We are now in our eighth year of working these fields and beginning to catch on to the rhythms of the climate and landscape. Being in a hollow we get less sun than the ridges and so it takes forever to ripen a tomato here, but we often have lettuce in august. As much as we miss the sun in winter, it is a relief when the ridge blocks the burning rays of summer in the late afternoon, allowing us several shaded work hours before dark. Our fields are human scaled with rows of two hundred feet or less, making all tasks able to be preformed effectively by hand. This is dictated mostly by the shapes that water has carved our farm into, and partly by our strategy of not over-capitalizing. Happily for us, after 4 years of working exclusively by hand we bought a tractor in 2002 when it became financially realistic. Now, the sheer backbreaking level of work has been removed and the farm is maintained simply by consistent hard work. Work done by hand is our primary interest, and is most enjoyable, because anyone can participate.
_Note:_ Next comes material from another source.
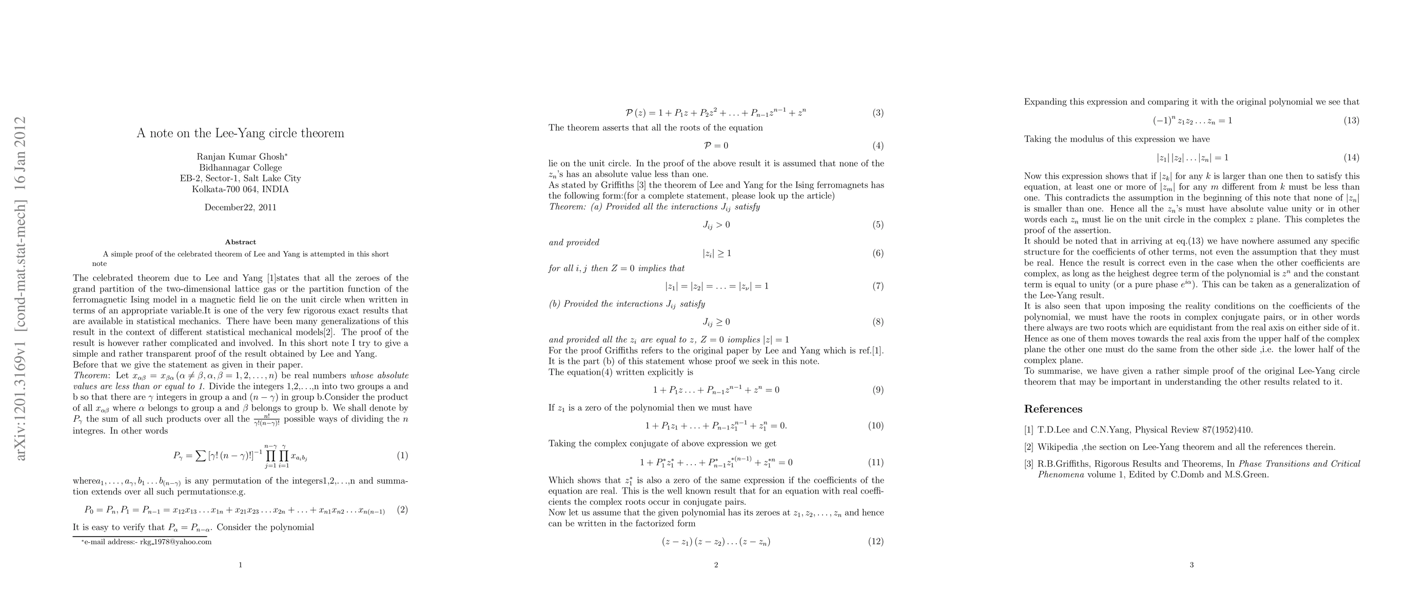 This paper provides a simplified proof of Lee-Yang's circle theorem, a fundamental concept in statistical mechanics.

We employ methods of intensive gardening, interplanting, mulching, drip tape irrigation, and terrace gardens along side traditional row run crops to produce an array of vegetables may through October. Things are laid out with beauty in mind, with lots flowers and various ornamental and grain crops being trailed as new farm products.
Hill and Hollow has grown now to include the 2 adjacent homesteads to the west all surrounding the Flat Rock Creek. The total acreage has grown to nearly 150, including 120 acres of woodland and 30 open acres of long since neglected pasture land. Since expanding in 2004, we have slowly introduced more livestock to help fertilize and managed the grass land. Currently, a flock of Jacob’s sheep, heritage breed turkeys, a Jersey milk cow and her calf and a variety of chickens in chicken tractors roam and peck and spread fertility on our farm.